ジュールズ 僕は幼少期からHenry Deanを主宰する父と母が働く倉庫で遊んだり、祖父や母がドローイングを描くそばで絵を描いていました。そのころから、色や写真、アートにすごく興味を持っていたんだ。同時に、父の姿を見ていたから会社を経営することにも関心があって、インターナショナルビジネススクールでビジネスを学ぶことにしたんです。
そのスクールの卒業前の最終プログラムが、どこかの企業に通ってビジネスを勉強する、もしくは自分で会社を立ち上げるビジネスプランを作るというもので、僕は後者を選ぶことにしたんだ。Henry Deanという父の会社はあるものの、自分でゼロから作ってみたいと思い立ってね。それが2019年、22歳のときだった。
ーーーそのビジネスプランをそのまま実現させたのが「Ju」なのですね!
そうなんだ。ビジネスを勉強するためにビジネススクールに通いながらも、クリエイティブに対する愛情や関心は変わらなかったからね。最初に作ったプロダクトがフラワーベース「Celia」。
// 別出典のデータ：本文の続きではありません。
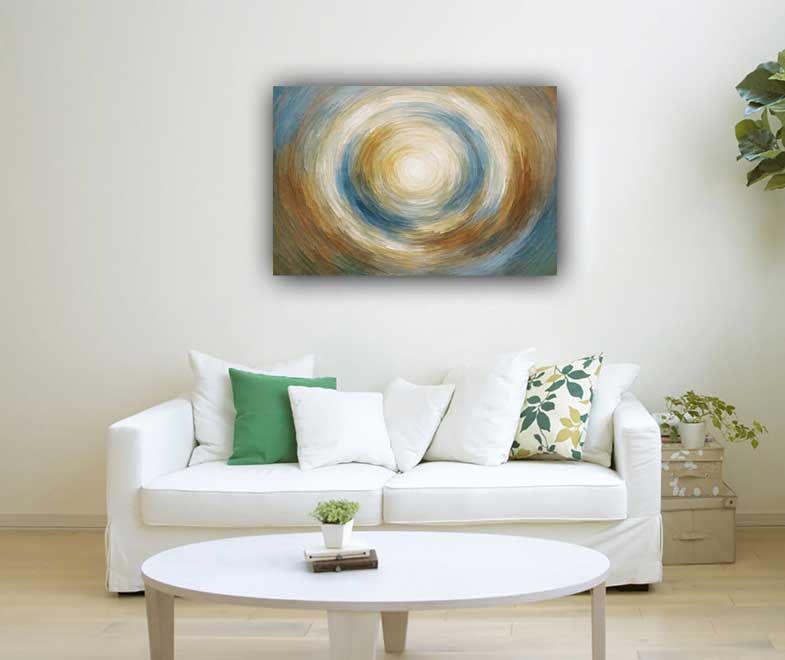 This abstract circles painting uses soft gradients and layered textures to represent clarity of thought and innovative thinking. The circular motion draws focus inward, encouraging deep reflection and idea generation. Ideal for offices, study rooms, or brainstorming spaces, it enhances concentration and creativity. As a vastu painting, it supports mental balance, clarity, and positive energy flow. Perfect as wall art, canvas wall art, or modern canvas prints, it elevates both style and purpose.

そこから少しずつプロダクトを増やしていって、パリやハンブルグなどの展示会に小さなブースで出展するところから始めたんだ。
東欧の手吹きガラスがもつ
ひとつひとつの個性を活かして
ーーー「Ju」はTISTOUで紹介するフラワーベースのほかに、照明や家具も展開していますね。なぜライフスタイルに関するプロダクトを作ろうと思ったのでしょうか?
ジュールズ 当然ものづくりをしている家庭で育ったことが大きく影響しているんだけれど、僕は学生のころ、引っ越しが多くてね。引っ越しをすると、まっさらな空間に家具などを置いて少しずつ埋めていくでしょう? それがすごく好きだし、面白かった。今思うと、「住む」ことに興味をもつきっかけだったよ。
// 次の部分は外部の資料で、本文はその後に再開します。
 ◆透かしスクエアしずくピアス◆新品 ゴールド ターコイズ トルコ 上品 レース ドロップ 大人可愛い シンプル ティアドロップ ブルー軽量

ーーー「Ju」のデザインはすべてあなたが手掛けているのですか?
ジュールズ はい。プロダクトはすべて僕がドローイングを描いて、工場や職人たちと試作を繰り返して作っているんだ。僕はブランドのディレクターであり、デザイナーであり、経営者でもある。それに、セールスもやっています。全部やるのが好きなんだ。とはいえ、叔母がお客様とのやりとりやシッピングの手配などをフォローしてくれているよ。おかげで楽しんで仕事をさせてもらっているよ。
ーーーデザインは、どんなところからインスピレーションを得ているのですか? また、デザインを生み出すために、自身の生活で大切にしているライフワークがあればぜひ教えてください。
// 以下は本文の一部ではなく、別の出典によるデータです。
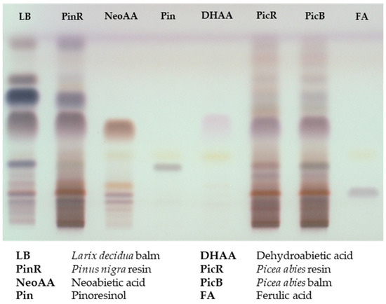 TLC is a planar chromatography technique and provides a time- and cost-effective phytochemical fingerprint of multiple samples at the same time [25]. It should allow the comparison of the qualitative composition of the three exudates. We analyzed the extracts together with selected representatives of different substance classes present in resins and balms of Pinaceae as references i.e., ferulic acid (3, hydroxycinnamic acid), pinoresinol (4, lignan), dehydroabietic acid (9), and neoabietic acid (10-7, diterpene resin acids). Figure 2 shows the resulting TLC plate after derivatization with anisaldehyde/sulphuric acid solution.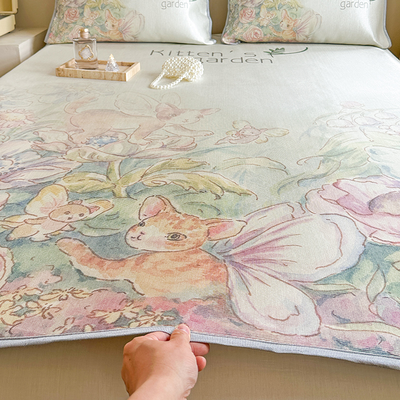 当前位置: 91家纺网 > 商品网购 > 床上用品 > 凉席 > 冰丝席 > 萝莉家纺 2024新款大版印花冰丝凉席床席床笠款 小猫咪的花园-平席款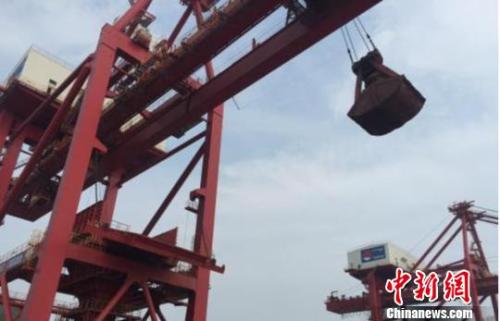 图为散货船进行铁矿砂装卸作业。杭州海关供图

ジュールズ インスピレーションのもとを尋ねられるといつも答えに困るんだけど、色に関していえば、明るい色を表現したいと思っているんだ。僕は昔からなぜだか明るい色に惹かれて、自分の部屋でも好んで使うんだ。明るい色は人を幸せな気持ちや楽しい気分にさせてくれるからね。
それに、市場にあるフラワーベースはクリアやブラック、ホワイトなどの無彩色のものが多いから、自分がフラワーベースをつくるなら、明るい色を使いたいと思ったんだ。彩色はもちろんペイントでなく、染料をガラスにまぜて作っています。そうすることで退色したりせず、美しい色がずっと保たれる。
自分のクリエイティブにとって大事なのは、スポーツを毎日することかな。ランニング、フィットネス、フットボール……。それをすることでリラックスして、「無」になる。そうすると、いろいろなアイデアが湧き出てくるんだよ。
ーーーなるほど、ジュールズにとってインスピレーションの源になっているのは体を動かすことなのかもしれないですね。無になることは、脳にいいと聞いたことがあります。「Ju」のフラワーベースは、すべて手吹きガラスで作っているのですか?
ジュールズ はい。ルーマニアやチェコなど東欧の手吹きガラスの技術で作っています。そこは絶対に譲れない部分。僕は機械で何千個も作ることにはまったく興味がないんだ。手吹きガラスはクラフツマンシップによって作られ、ひとつひとつが個性をもちますよね。そこが魅力だし、僕がやりたいこと。
それと、Henry Deanと同様に、原料にリサイクルガラスを使うことにもチャレンジしています。現在、フラワーベースの60%はリサイクルガラスで作られています。
みずみずしい感性で生み出す
ダイナミックなデザインと明るくパワフルな色
ーーークリエイションにおいて、ジュールズのお祖父様、ご両親から影響を受けていることはありますか?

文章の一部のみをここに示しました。